Science Nugget: June 05, 1998

X-ray bright points (XBPs) were first observed in rocket X-ray telescope images in 1969 by the AS&E group. They are small, compact, magnetically bipolar regions and are found in great numbers. These rockets and the Skylab mission permitted studies of the behavior of the XBP population as a function of time, and Davis (1983) found an anticorrelation between the XBP numbers and the sunspot number; however, Strong and Harvey noted that the XBPs detected by Yohkoh did not show such an effect.

In order to study this and other questions relating to the nature of XBPs, K. Nakakubo (Master's thesis, Gakugei Daigaku) has created software capable of finding XBPs in Yohkoh images automatically, taking into account the statistical significance of the bright-point detection and its morphology. This work was directed by H. Hara of the National Astronomical Observatory of Japan. An illustration of the results appears in the image below (click to enlarge).

 
 

The images on the left side of the figure above show SXT images from different times, and the images on the right have the automatically-detected XBP locations superimposed as contours. The plot at the bottom shows the counts vs time, with dotted lines showing the times of the images above; the images with large coronal bright regions have fewer XBP counts.

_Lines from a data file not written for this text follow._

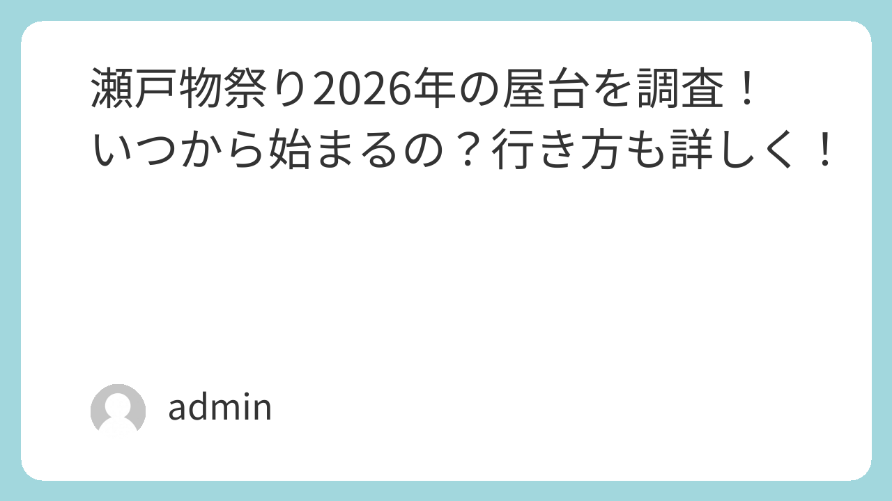 瀬戸物祭りは、多くの屋台グルメや陶器市をはじめ、歴史や文化に触れられる貴重なイベントです。早めの準備をしっかり行い、瀬戸市が誇るこのお祭りを思う存分楽しみましょう!
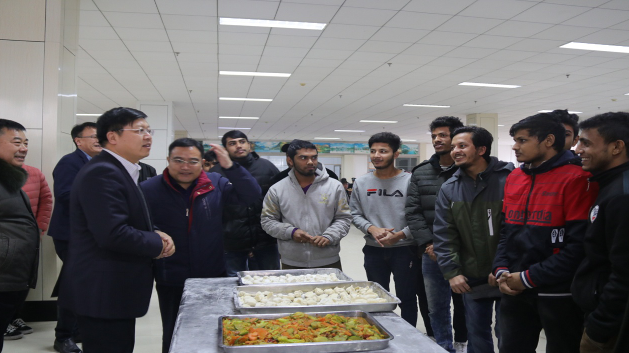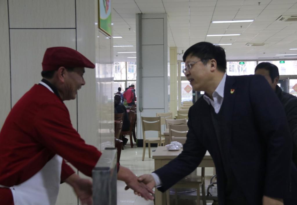 玉犬报捷辞旧岁,金猪献瑞贺新春。2019年2月4日,在这个阖家团圆的除夕日里,副校长李目海在办公室、学生处、保卫处、后勤管理处等负责人的陪同下,代表校党委,向大年三十仍然默默奉献、坚守在工作岗位的80余名学校教职工和60余名外国留学师生致以节日的问候和新春祝福,并与他们欢聚一堂,同吃年夜饭,携手迎新春。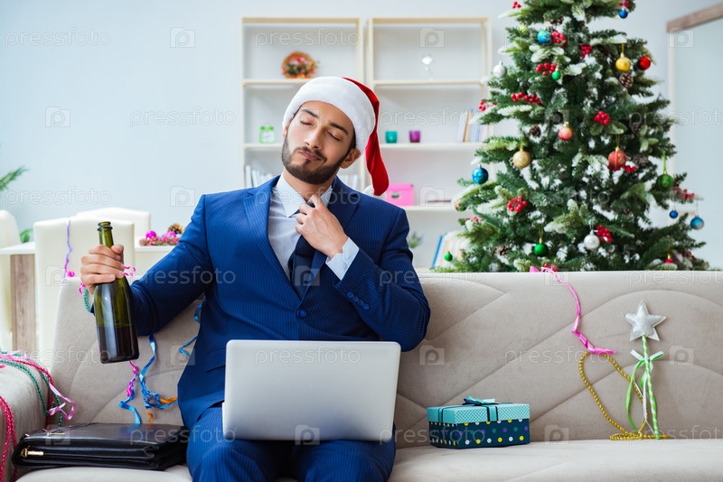 Бизнесмен, работающий во время Рождества
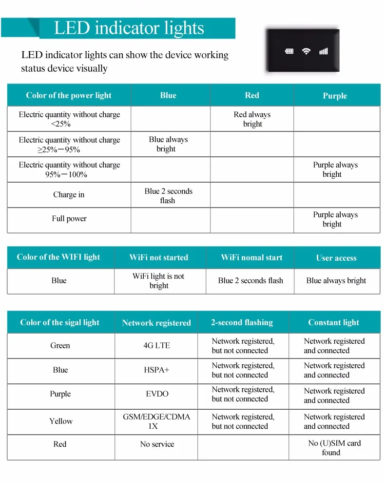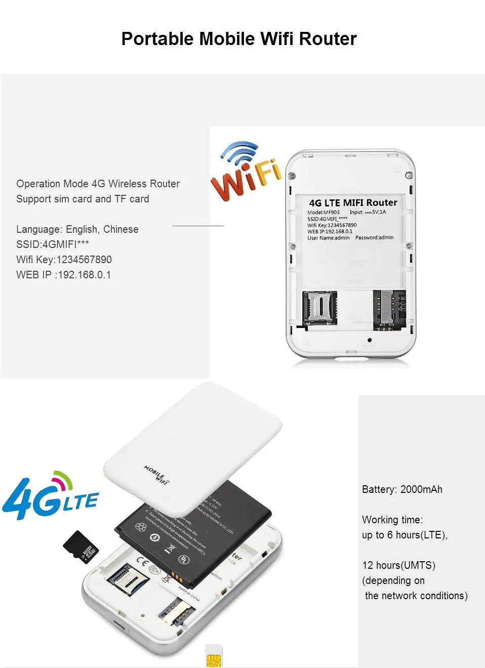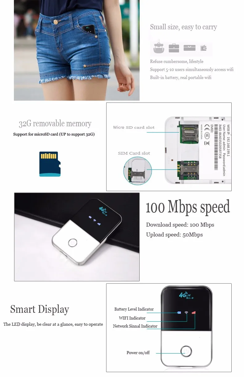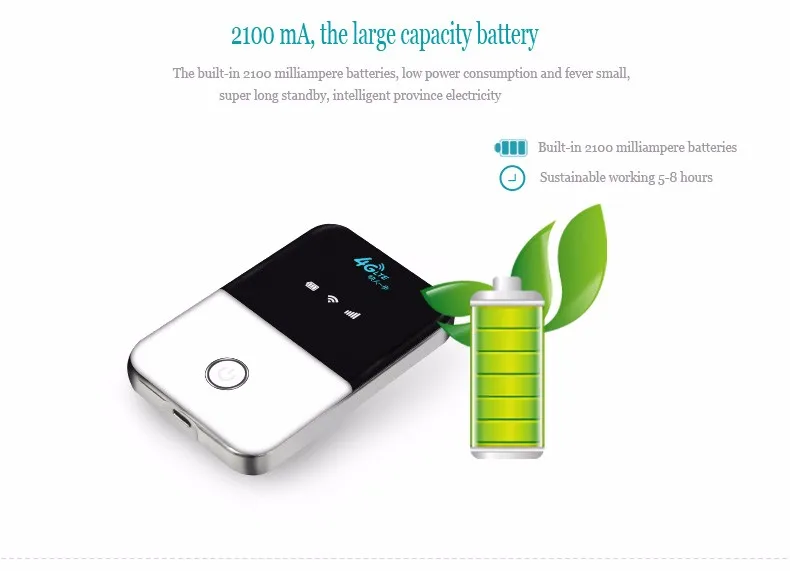 3.Designed for WIFI users to get access to internet via UMTS/HSPA/LTE.In order to connect to high speed network easily and fast,it uses the battery powered
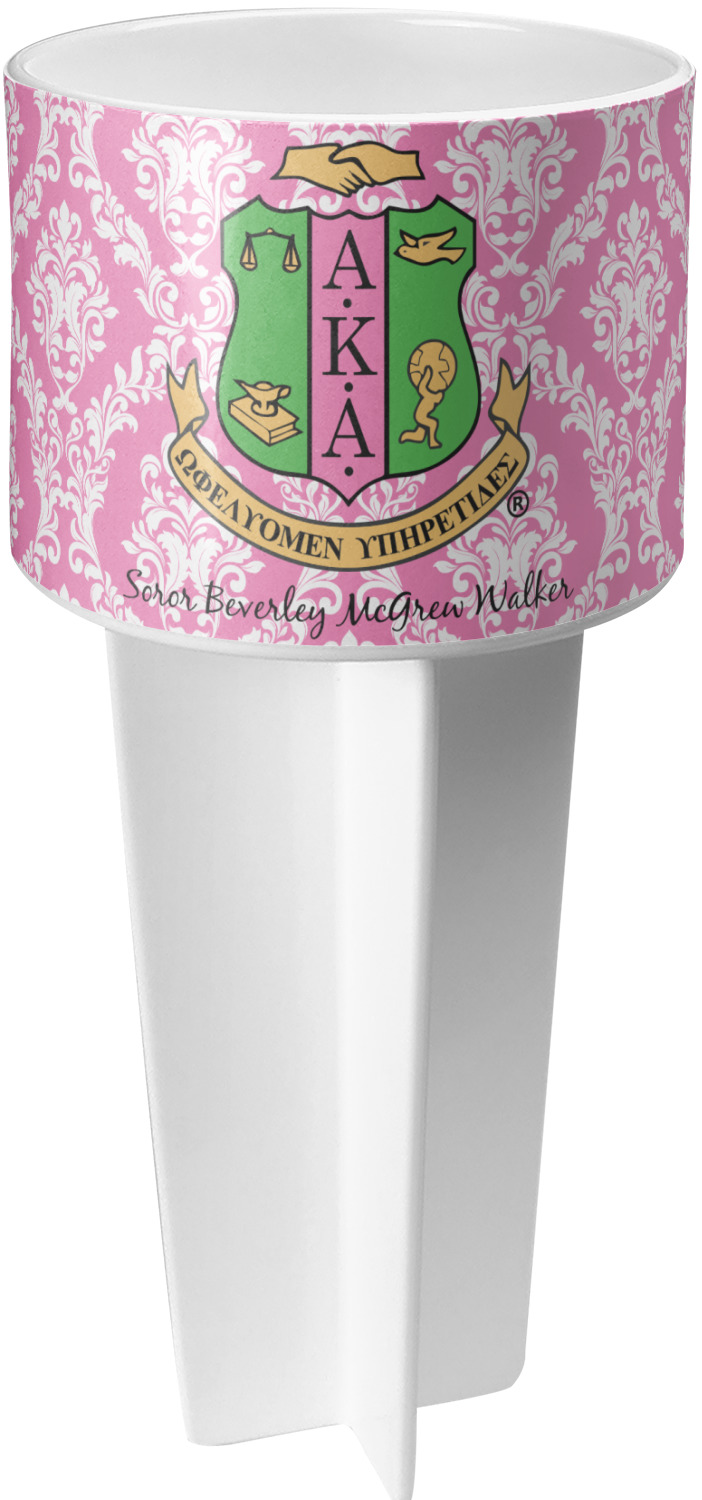 This cup holder has a large stake at its bottom that anchors it to the sand or ground below, while the cup holder rests above the stake. The entire drink holder is made of durable plastic and displays your customization around the cup holder portion. We sell these personalized beach spikers in two different colors: black and white.

In its first application, this software has been used to study the time variation of XBP numbers across a good fraction of the solar cycle. The figure below illustrates this:

 
 

Here the (numerous) points identified with dots represent the XBP counts from 1993 onwards, with no corrections for sensitivity. The dotted line shows the sunspot number, which clearly has a drastically different time variation. The explanation of the number variation can be found in the histograms of XBP counts, as shown below:

 
 

The histograms on the left represent XBP brightnesses, while those on the right show the background signal level. The dotted lines (showing the 1993 histograms) can be compared with the histograms for subsequent years, and one can see that as the background gets higher, the faint XBPs become less visible. The XBP brightness histogram does not vary appreciably at the bright end of the range. The actual observed variability of the XBP number therefore probably can be explained by the variation in sensitive area on the disk - it is simply harder to see XBPs projected against brighter regions. This is the explanation put forward by Strong and Harvey. These results now confirm this quantitatively, and we will be able to do many other things with the automatically generated XBP statistics. We speculate that the very different behavior of XBPs and active regions suggests fundamentally different sources of magnetism - a "photospheric dynamo" for the XBPs, and a deep-seated traditional dynamo for the ARs. In this picture the XBPs result from swept-up weak field, reconnecting impulsively in the network boundaries and vertices, whereas the active-region field (including the "active network") results directly from emerging flux generated deep in the convection zone.